Data science is a rapidly growing field that uses statistical and computational methods to extract insights from data. One of the most powerful tools for data science in Python is the NumPy library, which provides a wide range of functions for working with arrays of numerical data.

This article explores ten essential NumPy functions that every data scientist should know. These functions provide the foundation for many common data analysis tasks, from creating and manipulating arrays to performing statistical calculations. So whether you’re new to data science or an experienced practitioner, read on to discover how these essential NumPy functions can help you work more efficiently with your data.

Creating and Manipulating Arrays

One of the most fundamental operations in data science is creating and manipulating arrays of numerical data.

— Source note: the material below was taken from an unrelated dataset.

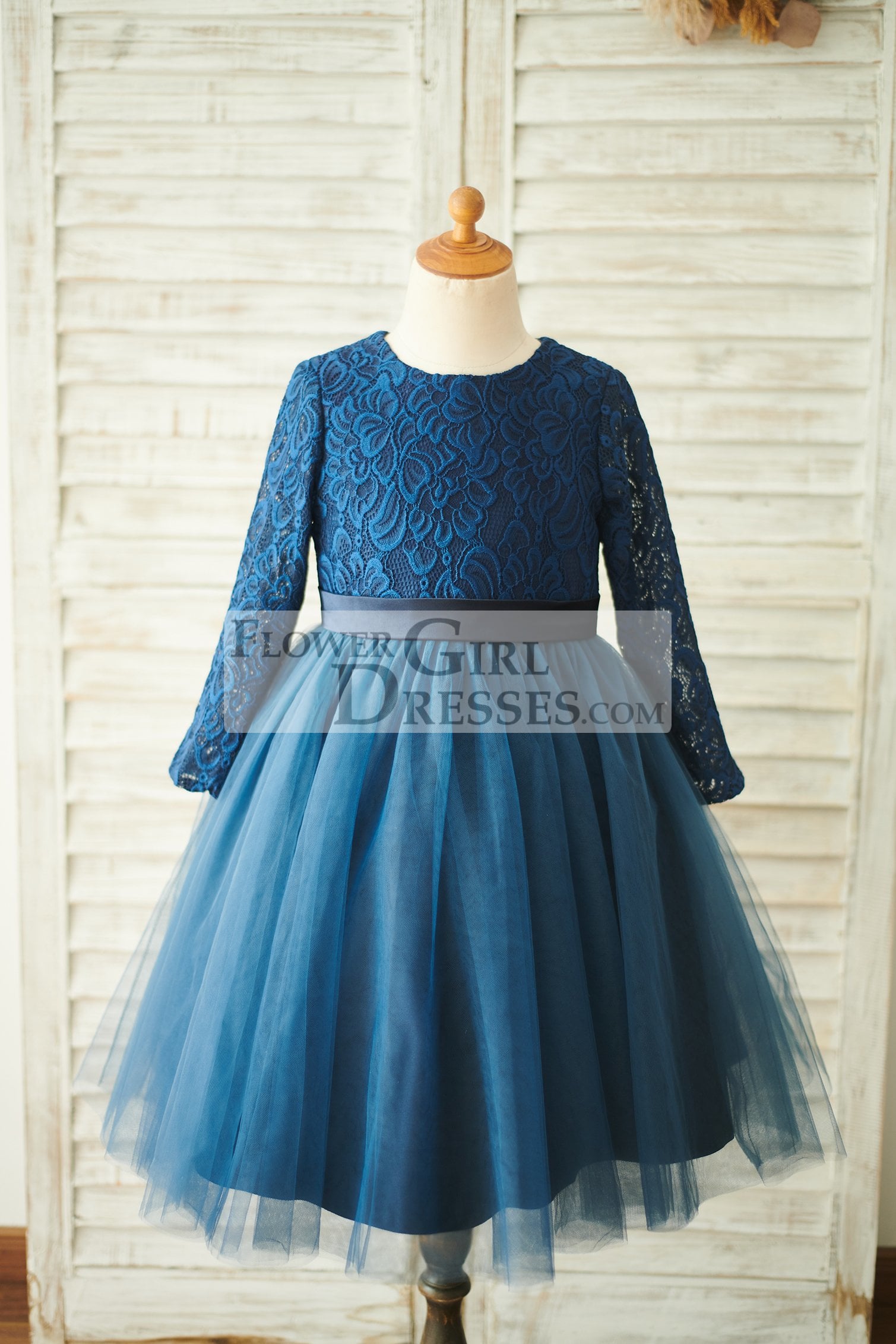Navy Blue Lace Tulle Long Sleeves Wedding Flower Girl Dress

Arrays are data structures that store multiple values of the same type in a fixed-size sequence. NumPy provides several functions that make it easy to create and manipulate arrays in Python.

np.array()

np.array() is used to create a NumPy array from a list or tuple. For example, we can create a one-dimensional array of five integers by passing a list to the function:

import numpy as np
a = np.array([1, 2, 3, 4, 5])
print(a)
# Output: [1 2 3 4 5]

We can also create a two-dimensional array of three rows and two columns by passing a nested list to the function:

b = np.array([[1, 2], [3, 4], [5, 6]])
print(b)
# Output: [[1 2]
#          [3 4]
#          [5 6]]

np.arange()

np.arange() returns an array with evenly spaced values within a specified range. The function takes three arguments: the start value, the stop value, and the step size. For example, we can create an array of ten values from zero to nine by passing zero as the start value, ten as the stop value, and one as the step size:

c = np.arange(0, 10, 1)
print(c)
# Output: [0 1 2 3 4 5 6 7 8 9]

We can also create an array of five values from zero to one by passing zero as the start value, one as the stop value, and 0.2 as the step size:

d = np.arange(0, 1, 0.2)
print(d)
# Output: [0.  0.2 0.4 0.6 0.8]

np.reshape()

np.reshape()changes the shape of an array without changing its data. The function takes two arguments: the array to be reshaped and the new shape as a tuple of integers. For example, we can reshape the one-dimensional array a into a two-dimensional array of two rows and three columns by passing a and (2, 3) to the function:

a = np.array([1,2,3,4,5,6])
e = np.reshape(a, (2, 3))
print(e)
# Output: [[1 2 3]
#          [4 5 6]]

We can also reshape the two-dimensional array b into a one-dimensional array of six elements by passing b and (6,) to the function:

b = np.array([[1, 2], [3, 4], [5, 6]])
f = np.reshape(b,(6,)
print (f)
# Output: [1,2,3,4,5,6]

Combining and Splitting Arrays

Besides creating and manipulating arrays, NumPy also provides functions for combining and splitting arrays. These functions allow you to join multiple arrays into a single array or split an array into multiple sub-arrays.

np.concatenate()

np.concatenate() joins two or more arrays along an axis. The function takes two arguments: a sequence of arrays to be concatenated and the axis along which the arrays will be joined. For example, we can concatenate two one-dimensional arrays a and b along the first axis by passing (a, b) and 0 to the function:

import numpy as np
a = np.array([1, 2, 3])
b = np.array([4, 5, 6])
c = np.concatenate((a, b), axis=0)
print(c)
# Output: [1 2 3 4 5 6]

We can also concatenate two two-dimensional arrays d and e along the second axis by passing (d, e) and 1 to the function:

d = np.array([[1, 2], [3, 4]])
e = np.array([[5, 6], [7, 8]])
f = np.concatenate((d, e), axis=1)
print(f)
# Output: [[1 2 5 6]
#          [3 4 7 8]]

np.split()

np.split()splits an array into multiple sub-arrays. The function takes three arguments: the array to be split, the number of equally sized sub-arrays to create, and the axis along which to split the array. For example, we can split the one-dimensional array c into three equally sized sub-arrays along the first axis by passing c, 3, and 0 to the function:

g = np.split(c, 3, axis=0)
print(g)
# Output: [array([1]), array([2]), array([3])]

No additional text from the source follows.